• **Work to complete**:
With the pictures omitted, please transcribe exactly the lines beginning at the one that contains "Da wehte ein" and ending with the last line of the records below.

Items from a data source
|---|
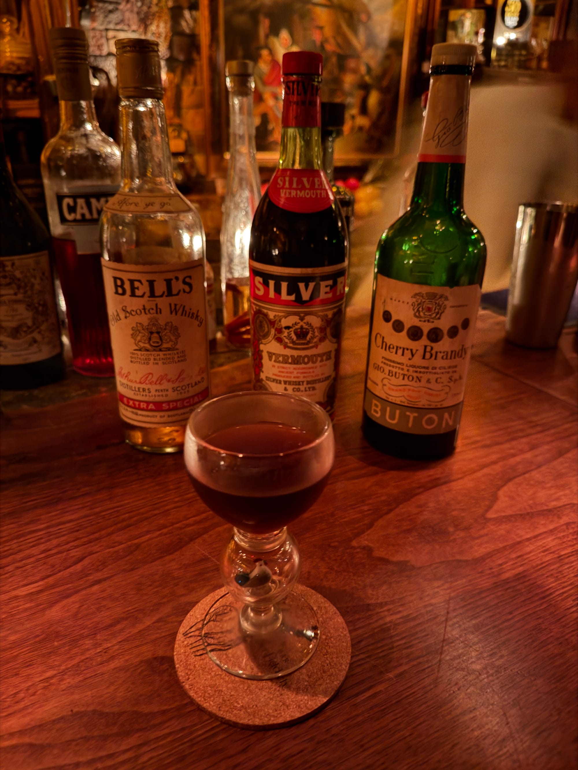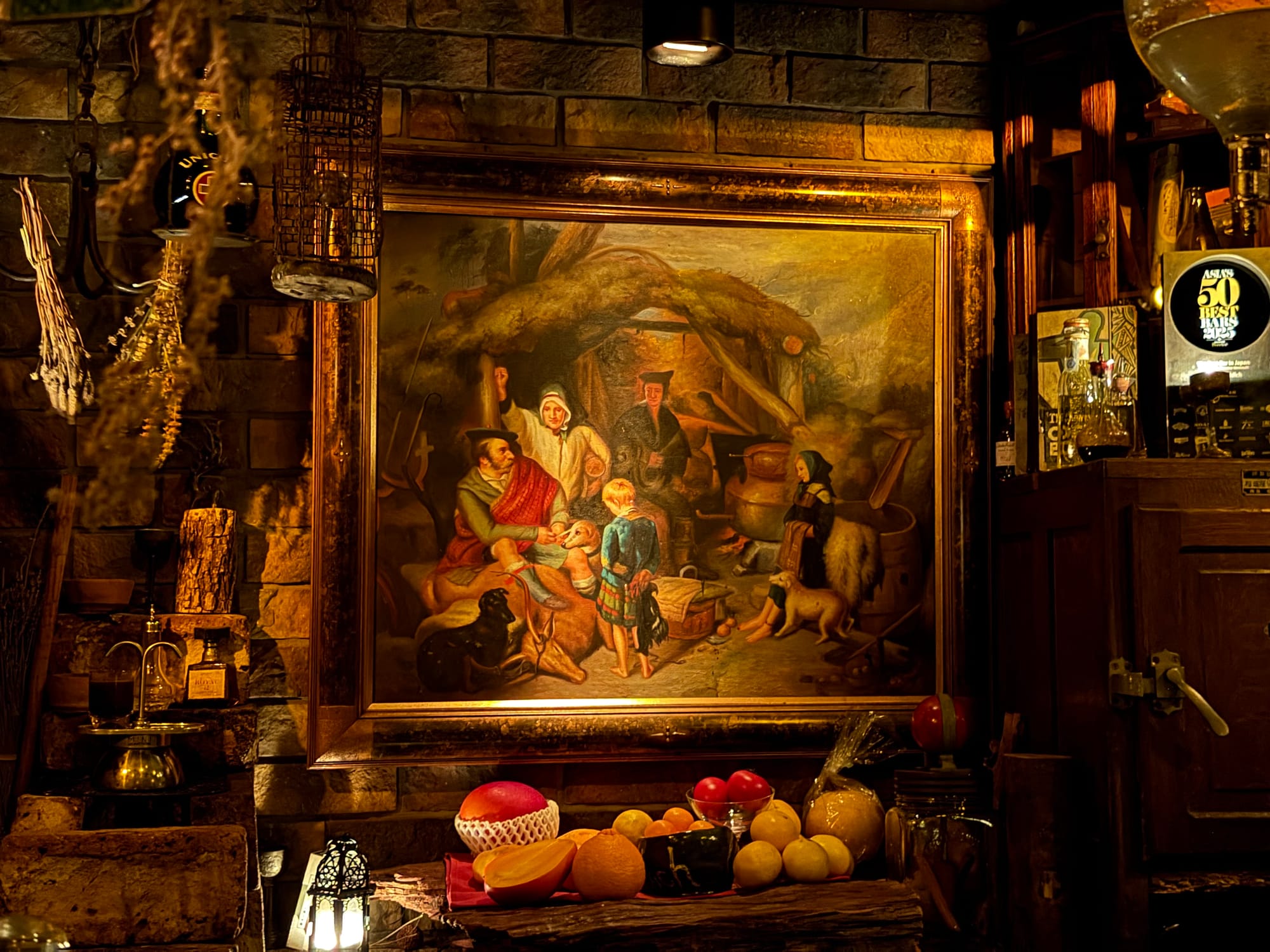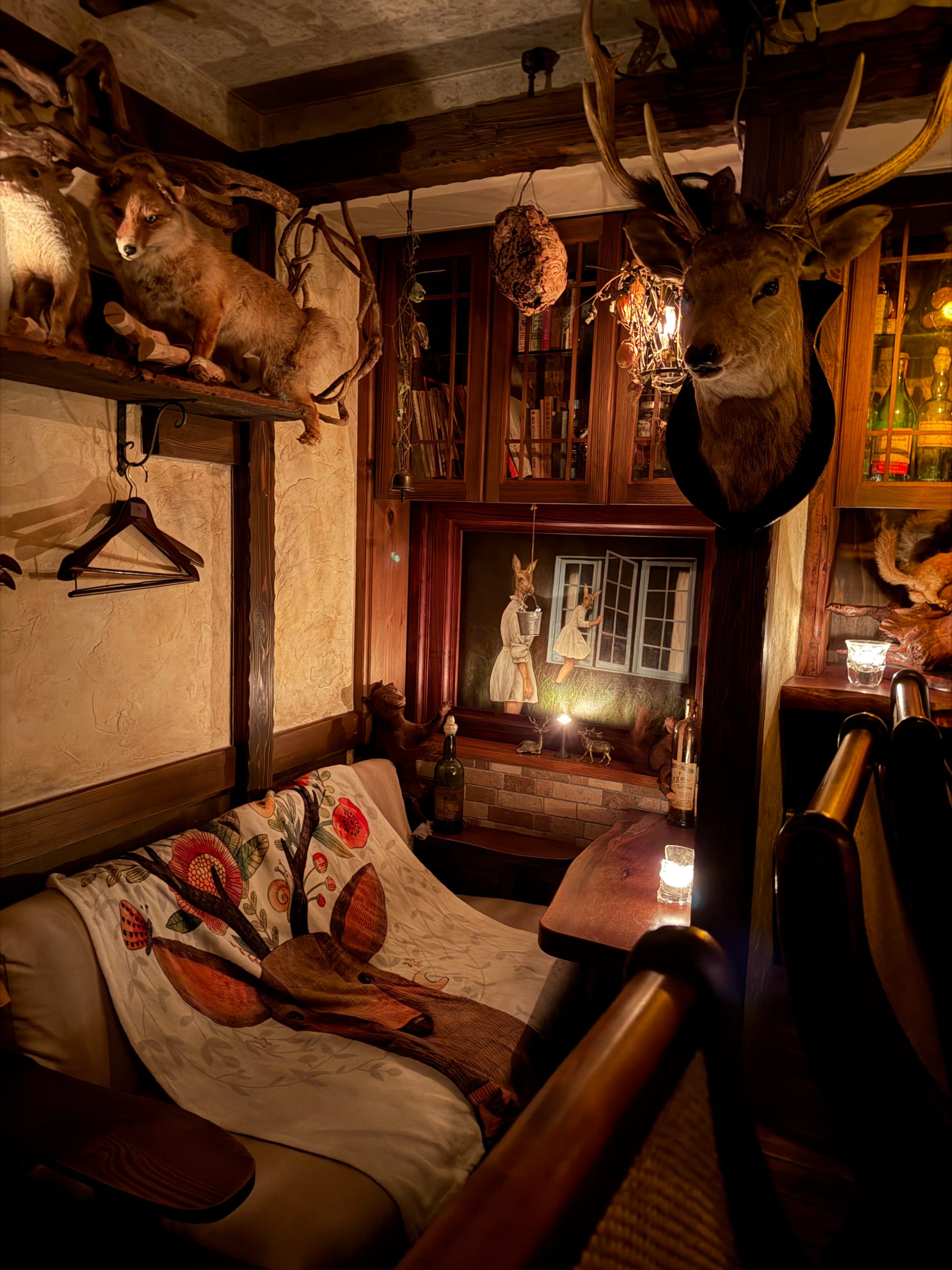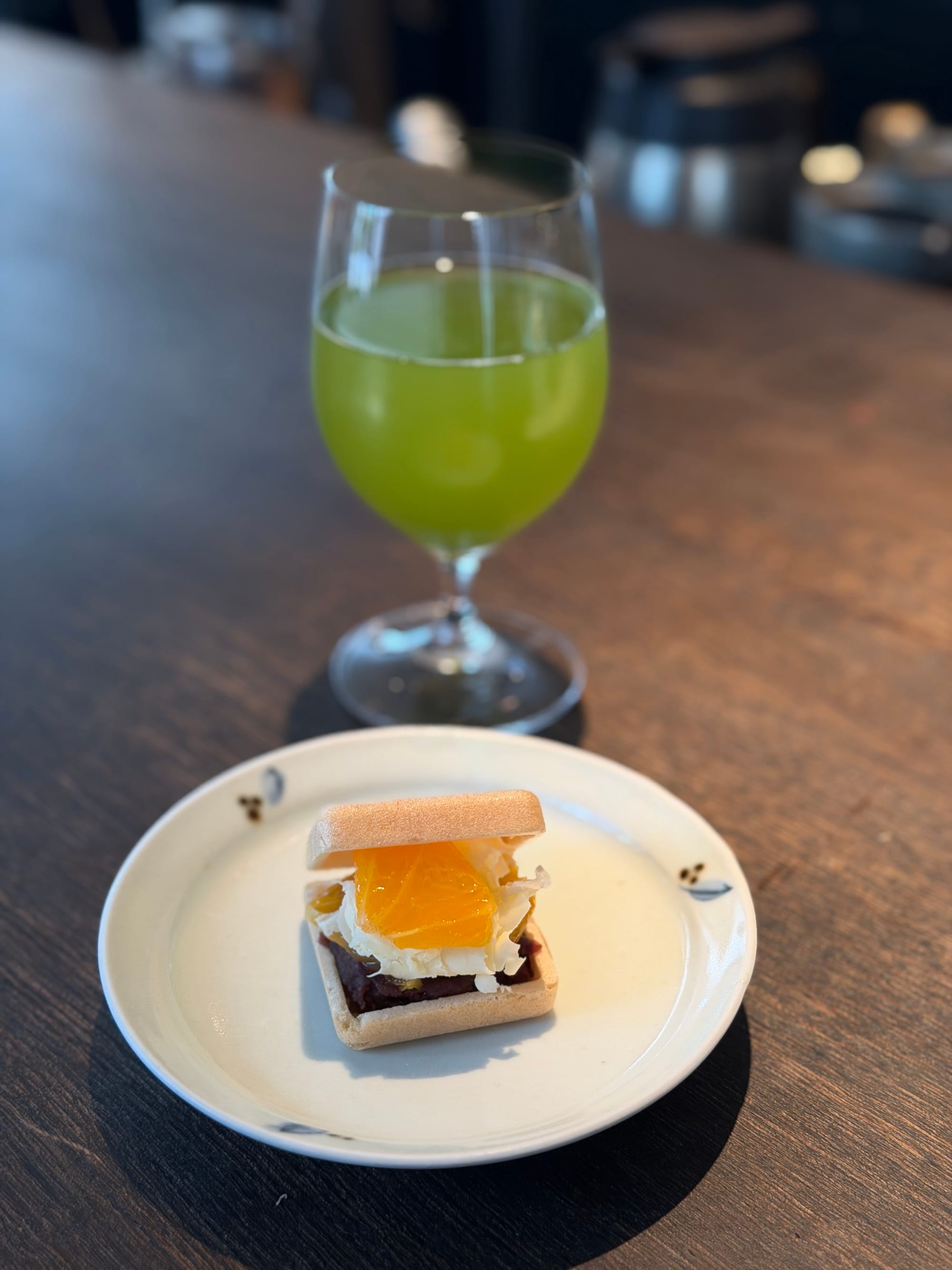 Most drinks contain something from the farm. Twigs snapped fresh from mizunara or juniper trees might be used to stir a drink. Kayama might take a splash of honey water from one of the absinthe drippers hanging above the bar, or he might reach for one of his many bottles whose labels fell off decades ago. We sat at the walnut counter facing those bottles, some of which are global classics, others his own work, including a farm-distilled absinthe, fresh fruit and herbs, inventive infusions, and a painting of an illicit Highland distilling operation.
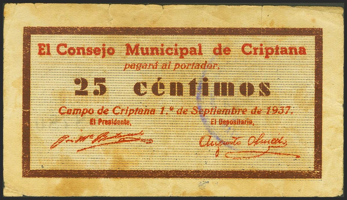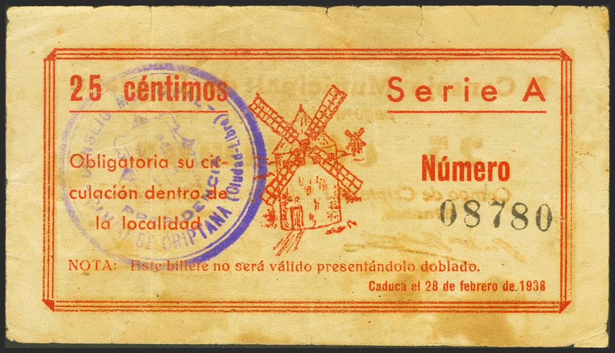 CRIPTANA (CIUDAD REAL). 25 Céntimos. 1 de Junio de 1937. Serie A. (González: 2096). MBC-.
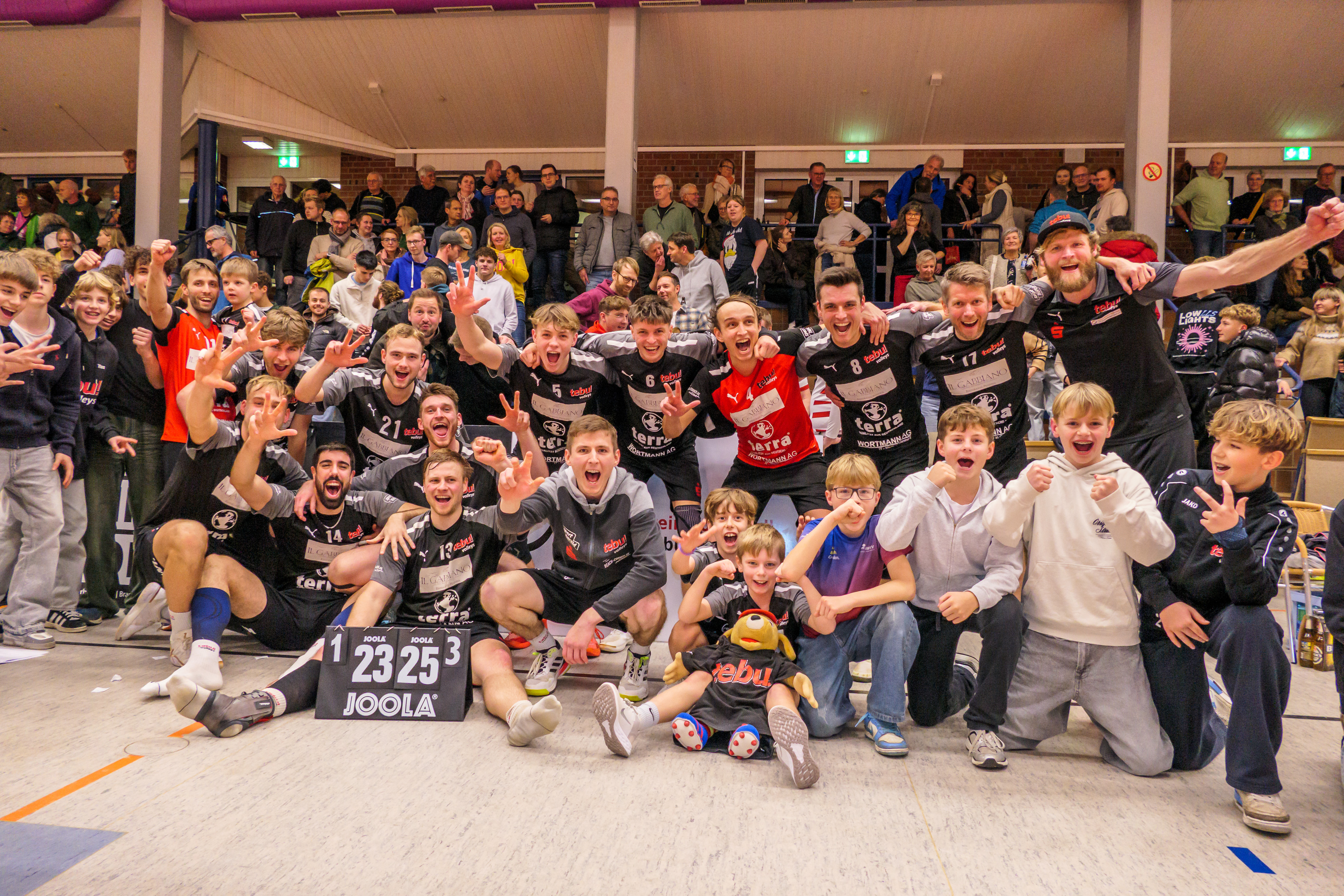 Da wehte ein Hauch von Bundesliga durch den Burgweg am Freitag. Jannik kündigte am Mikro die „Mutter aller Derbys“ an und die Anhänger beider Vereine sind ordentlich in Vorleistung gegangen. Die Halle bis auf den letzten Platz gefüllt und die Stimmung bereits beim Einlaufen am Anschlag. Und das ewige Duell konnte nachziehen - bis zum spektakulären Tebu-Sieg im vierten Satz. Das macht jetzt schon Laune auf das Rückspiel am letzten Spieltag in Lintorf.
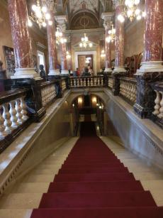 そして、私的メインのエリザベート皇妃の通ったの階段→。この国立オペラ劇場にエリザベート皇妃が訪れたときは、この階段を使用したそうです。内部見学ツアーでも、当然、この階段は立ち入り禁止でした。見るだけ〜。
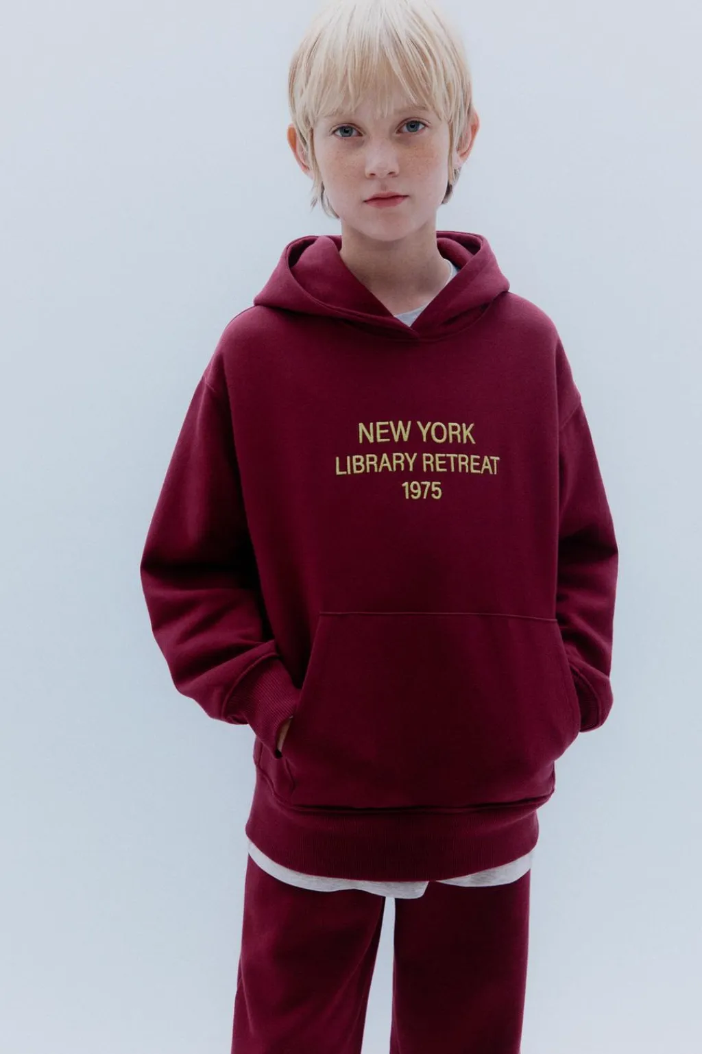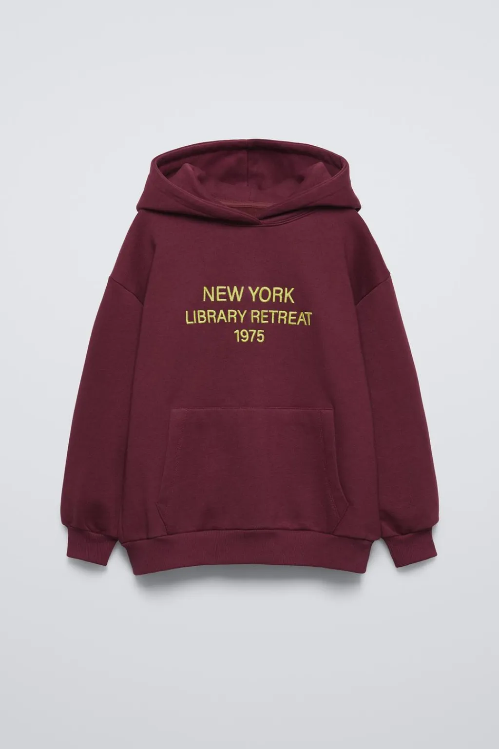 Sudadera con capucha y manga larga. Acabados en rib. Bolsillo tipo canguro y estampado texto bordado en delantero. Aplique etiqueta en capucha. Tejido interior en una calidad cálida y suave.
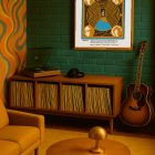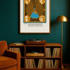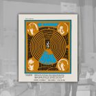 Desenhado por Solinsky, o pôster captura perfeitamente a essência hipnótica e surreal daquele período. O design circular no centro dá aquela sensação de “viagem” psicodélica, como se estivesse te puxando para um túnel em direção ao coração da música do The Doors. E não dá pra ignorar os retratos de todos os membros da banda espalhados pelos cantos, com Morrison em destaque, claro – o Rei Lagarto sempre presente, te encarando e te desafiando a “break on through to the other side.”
|---|
• **Task response**:
 Da wehte ein Hauch von Bundesliga durch den Burgweg am Freitag. Jannik kündigte am Mikro die „Mutter aller Derbys“ an und die Anhänger beider Vereine sind ordentlich in Vorleistung gegangen. Die Halle bis auf den letzten Platz gefüllt und die Stimmung bereits beim Einlaufen am Anschlag. Und das ewige Duell konnte nachziehen - bis zum spektakulären Tebu-Sieg im vierten Satz. Das macht jetzt schon Laune auf das Rückspiel am letzten Spieltag in Lintorf.
 そして、私的メインのエリザベート皇妃の通ったの階段→。この国立オペラ劇場にエリザベート皇妃が訪れたときは、この階段を使用したそうです。内部見学ツアーでも、当然、この階段は立ち入り禁止でした。見るだけ〜。
 Sudadera con capucha y manga larga. Acabados en rib. Bolsillo tipo canguro y estampado texto bordado en delantero. Aplique etiqueta en capucha. Tejido interior en una calidad cálida y suave.
 Desenhado por Solinsky, o pôster captura perfeitamente a essência hipnótica e surreal daquele período. O design circular no centro dá aquela sensação de “viagem” psicodélica, como se estivesse te puxando para um túnel em direção ao coração da música do The Doors. E não dá pra ignorar os retratos de todos os membros da banda espalhados pelos cantos, com Morrison em destaque, claro – o Rei Lagarto sempre presente, te encarando e te desafiando a “break on through to the other side.”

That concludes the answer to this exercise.